What may be surprising, perhaps, was the player who delivered the most thunderous blasts was not among that list of PBA luminaries. In fact, he doesn’t even have a PBA title.

Mitch Hupé, a 27-year-old native of Winnipeg, Canada, led the Motown Muscle and all of Anthony Division qualifying with 1,380 for six games. The only person capable of out-banging Hupé’s strikes was Mike Breen during the NBA Finals.

Hupé made his presence felt right away, firing a perfect 300 in the first game. Dominance on fresh oil is typical for Hupé; he has very low tilt, which creates heavy ball roll; prefers throwing stronger equipment and likes to play straighter angles.

“His super heavy ball roll controls most patterns really well,” said François Lavoie, a teammate of Hupé’s at Wichita State and on the Canadian national team. “A lot of times people struggle if their ball shape is too smooth, but he's got that big hand, revs it up and it goes through the pins just fine.”

Given Hupé’s immense power, his effortless release is hard to fathom, even in slow motion. He applies so much torque to the ball, you can hear it hiss as it rolls down the lane. His rev rate compares favorably to the tour’s most powerful players, including Muscle teammates Tackett and Simonsen.


While Hupé believes he has one of the best physical games on tour, he said that doesn’t always equate to winning. 

“I definitely don't throw it like many other people, which can be good or bad,” Hupé said. “I don't know if my game and what I do unique to a ball is as beneficial in today's current game.”

He often finds himself atop the standings early in tournaments, then falls as expert boomerang throwers wrap around him. While his A-game often matches up on fresh oil, he hasn’t been able to parlay that roll into success on transition.

The right-hander knows what to do in those situations — play left with steeper angles — and how to do it, but he struggles to replicate the consistency of craftsmen like Prather and Tackett.

"A guy like Simo or EJ or Prather, they feel like they can probably bowl mediocre and still make a top-10," he said. “Those guys can get so many pins later on in the day, where what I do naturally doesn't match up and what they do naturally does. I feel like it's a lot easier to stay safe on the fresh and then gain a lot of pins, versus the other way around."

The main flaw that has prevented Hupé from entering the tour’s upper echelon isn't fatal. He said he would need to learn to raise his axis tilt from about five degrees to 15 degrees. That would help him match up better later in blocks, when he needs the ball to skid further downlane and create more angle.

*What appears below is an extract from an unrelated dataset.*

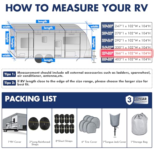 Wide Range Of Accessories: Fits RV 27'-30'. To ensure installation, please measure your RV before purchase. Included. 1*travel trailer cover, 1*storage bag, 1*jack cover, 2*wind straps, 6*tire cover

Hupé struck on four of six shots during the Anthony Division Finals


That’s easier said than done, of course. Altering tilt is among the most difficult physical changes in bowling. It would require Hupé to take a few steps back to take more steps forward.

“It's hard for a professional especially to make adjustments to their game,” he said. “For us to take steps back, we have to sacrifice potential income, potential results, potential sponsorships. It's not like we're on like an NBA team or MLB team where you can make adjustments and maybe you just don't play for a few games.”

Hupé is unsure if he’s willing to make that sacrifice. While he wants to win a title and believes he’s good enough to win on tour, he’s also happy with his relationship with bowling.

“You’re out here for so long and if you don’t win, that can weigh down a lot of people,” Hupé said. “I don’t want to reach that point where it's like, ‘is this fun anymore?’ It gets frustrating, don’t get me wrong, but it's not frustrating to the point where I’m questioning why I’m still here.”

Even though he hasn’t broken through into the PBA’s elite class, Hupé has earned his share of accolades on the lanes.

He particularly thrives in team competition. At Wichita State University, he won the Intercollegiate Team Championships title in 2015. During his PBA League debut in 2019, he helped Portland capture their first of three straight Elias Cups. Manager Tim Mack wanted to bring him back this year, too.

Individually, Hupé won the men’s master’s gold medal at the 2018 World Championships, defeating Troup in the gold medal match. He also made the USBC Masters show in 2019, finishing fifth.

But you don’t need to look at a résumé to discover Hupé’s talent. All you have to do is watch him throw a ball.